**Task details**
Beginning with the line that holds "Sturdy and heavy" and ending with the last line below, repeat each line exactly, leaving any pictures out.

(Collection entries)
========================
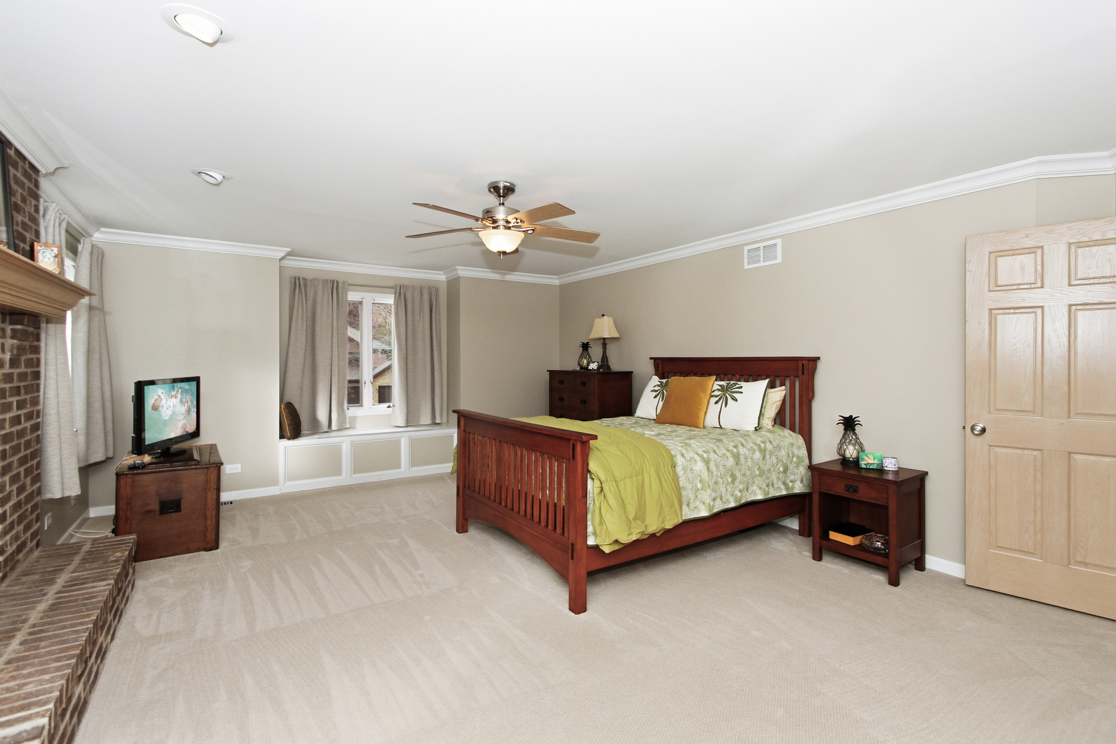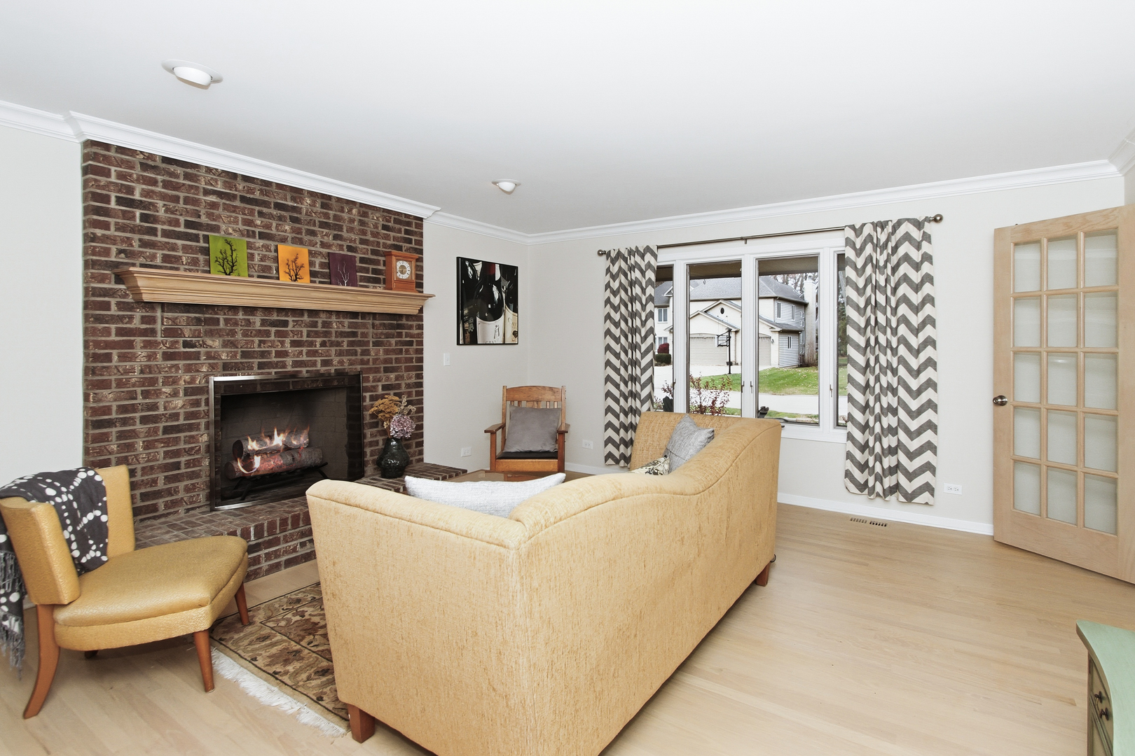 Nestled amongst towering trees, established perennials and backing to Bartlett Hills Golf Course. The house is beautiful and the location is a 10+. From the moment your guests enter the two story foyer with curved staircase they will be impressed. Hardwood oak floors and trim and a first floor bedroom/den with a full bath is a big plus. The kitchen overlooking the family room has stainless appliances, quartz countertops and a breakfast bar. The sun filled eating area is surrounded by windows for the most incredible views all year long. Three fireplaces: one is in the BIG master suite/ with big walk in closet and updated bathroom. The FULL basement has a spacious area for entertaining and a huge storage room. Another convenient feature is there are steps from the garage to the basement. Ready for some outdoor entertaining? Relax on the front porch or out back there is a big deck, paver patio and a firepit all overlooking the beautiful tree lined golf course. Just a few of the extras include updated bathrooms and a composite roof in 2020.
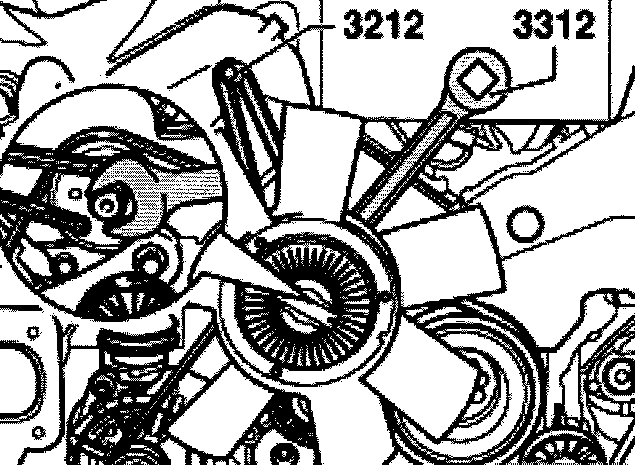- Counter-hold pulley for viscous fan with pin wrench 3212 and remove fan with wrench 3312 (left hand thread).
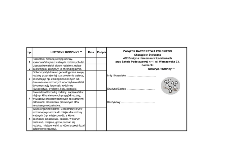Lp. HISTORYK RODZINNY ** Poznała/ał historię swojej rodziny, 1 wykonała/ał wykaz waŜnych rodzinnych dat. Uporządkowała/ał album rodzinny, opisa2 ła/ał zdjęcia, ułoŜyła/ył je chronologicznie. Odtworzyła/ył drzewo genealogiczne swojej rodziny przynajmniej trzy pokolenia wstecz, 3 korzystając np. z ksiąg kościel-nych lub dokumentów rodzinnych uporząd-kowała/ał dokumentację i pamiątki rodzin-ne (świadectwa, dyplomy, listy, pamiątki. Prowadziła/ił kronikę rodziny, zapisała/ał w niej np. kilka ciekawych przygód rodziny, 4 wywiadów przeprowadzonych ze starszymi członkami, słowniczek pierwszych słów młodszego rodzeństwa. Współorganizowała/ał i uczestniczyła/ył w rodzinnej wycieczce do miejsc dla rodziny waŜnych (np. miejscowość, z której 5 pochodzą dziadkowie, kościół, w którym brali ślub, miejsce, gdzie poznali się rodzice, miejsce walki, w której uczestniczyli członkowie rodziny). Data Podpis ZWIĄZEK HARCERSTWA POLSKIEGO Chorągiew Stołeczna 462 DruŜyna Harcerska w Łomiankach przy Szkole Podstawowej nr 1, ul. Warszawska 73, Łomianki Historyk Rodzinny ** Imię i Nazwisko …………………………… DruŜyna/Zastęp ………………………….. DruŜynowy ………………………………..
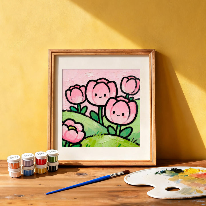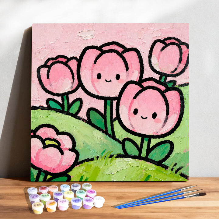 Pink Tulip Garden – Cute Spring Blossom Paint by Numbers Kit | PaintEasy
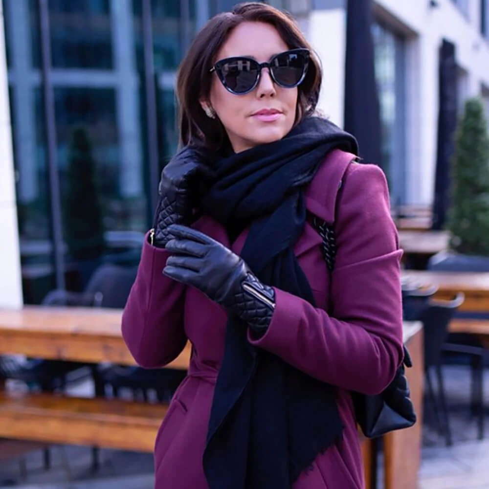 Paired with the shawl, the Navy Quilted Leather Gloves offer a sleek combination of style and warmth. These gloves are crafted with precision from high-quality leather, featuring a quilted design that adds texture and interest. The gloves are not only functional but also the epitome of classic chic, keeping your hands warm while exuding refined style.
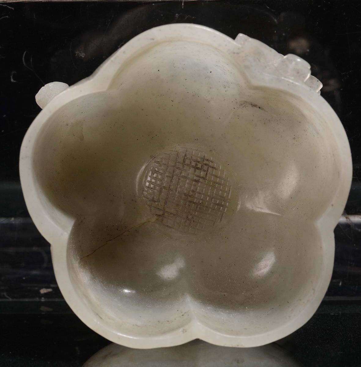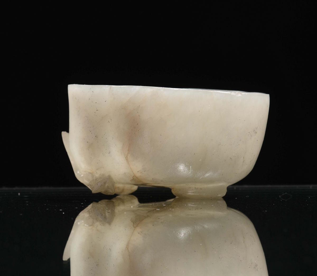 A small white jade flower libation cup, China, Qing Dynasty, Qianlong period (1736-1796)
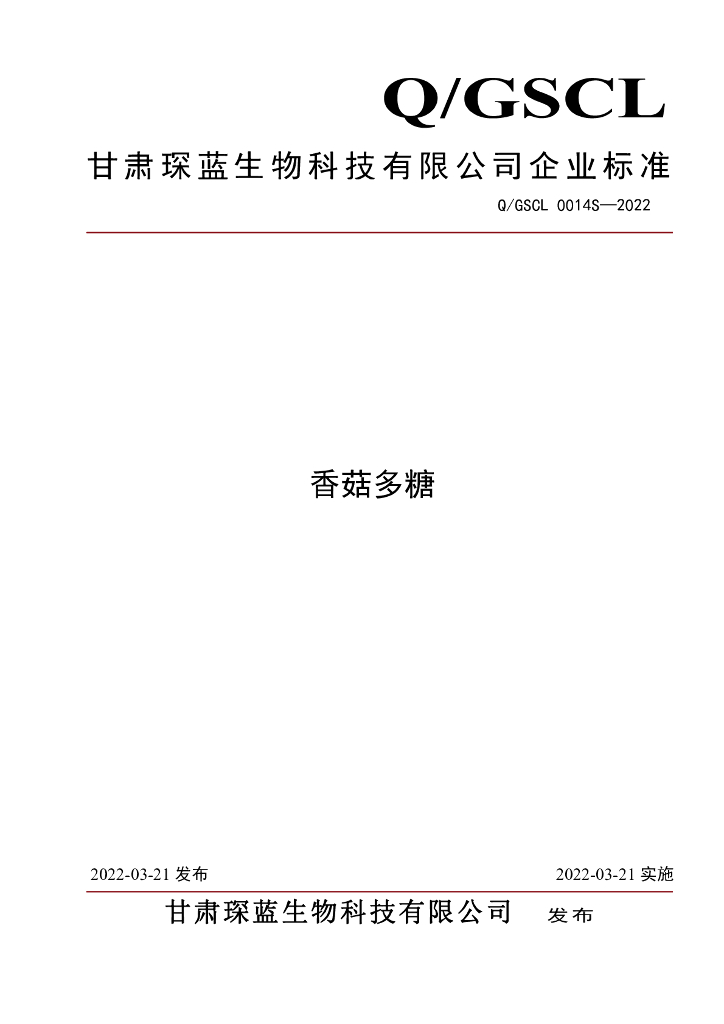 Q/GSCL 0014S-2022 香菇多糖
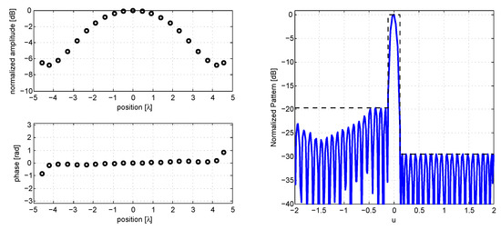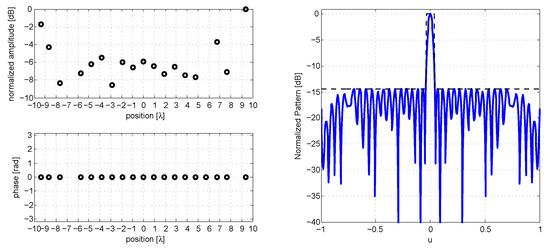 Furthermore, besides the asymmetric pencil beam case (where the power pattern mask was defined in the range to allow the scanning of the beam in the whole visible range without the appearance of the grating lobes), we have not considered the effect of the scanning of the beam; this could be achieved by simply increasing the range of u in which we want the satisfaction of the power pattern mask. Furthermore, in such a case, we could also take into account the presence of an element factor (that could change the side lobe level when the beam is scanned) by considering a modified power pattern mask, following the guidelines proposed in [28].
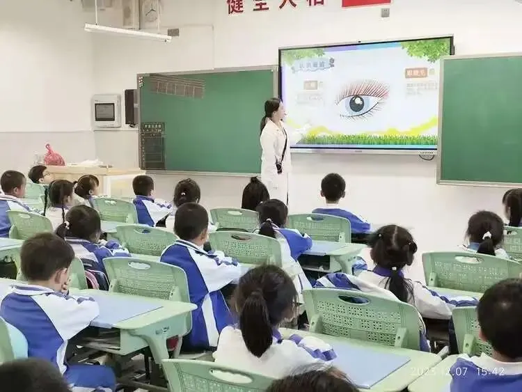 学校践行“健全人格 健康生活”的校训,为每位一、二年级学生配发坐姿矫正器,每学期开展2次学生视力检查,校医为学生开展“爱眼护眼”小课堂,培养学生正确的坐姿习惯,落实“预防近视 保护视力”的目标。
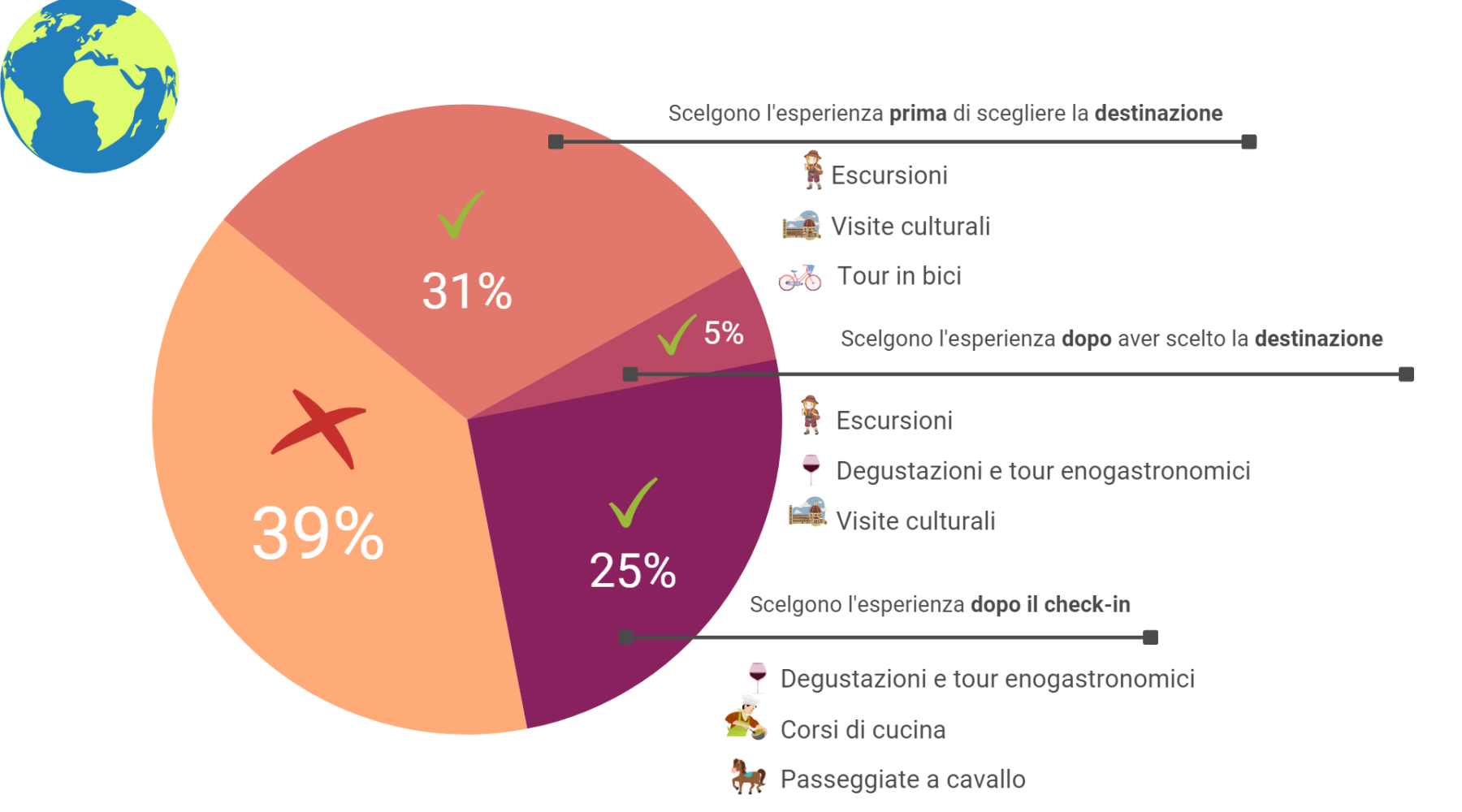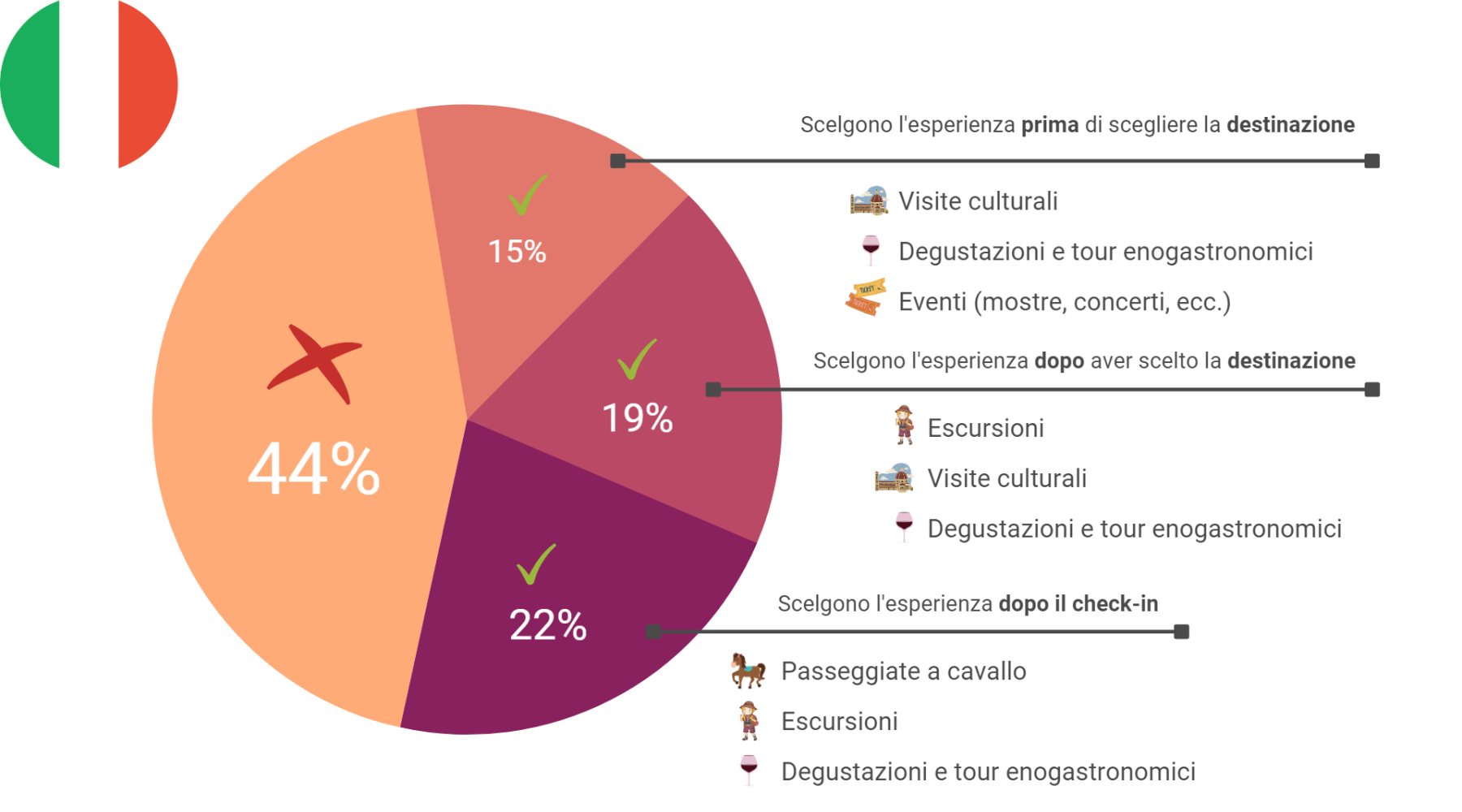 Scendendo più nel dettaglio, vediamo che una grossa differenza tra turisti italiani e stranieri riguarda le quote di chi ha ben chiaro l’esperienza che vuole fare in vacanza e la sceglie e prenota prima di prenotare il soggiorno: è probabile che la struttura dove soggiornare venga scelta principalmente in funzione delle attività ed esperienze che sono disponibili nella struttura stessa o nel territorio circostante.
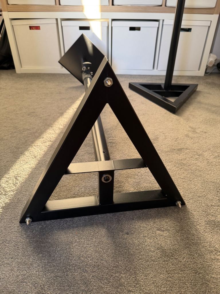 Sturdy and heavy duty metal stands with safety pin lock to change height. Rotating 360 degrees and able to support up to 35kg each.
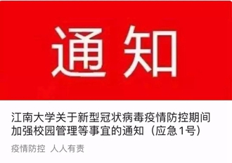 江南大学党政高度重视此次疫情的防控工作,严格按照教育部党组和无锡市人民政府的统一部署,对校园加强全天候管理,加强师生疫情防范教育。
========================
**The answer**
 Sturdy and heavy duty metal stands with safety pin lock to change height. Rotating 360 degrees and able to support up to 35kg each.
 江南大学党政高度重视此次疫情的防控工作,严格按照教育部党组和无锡市人民政府的统一部署,对校园加强全天候管理,加强师生疫情防范教育。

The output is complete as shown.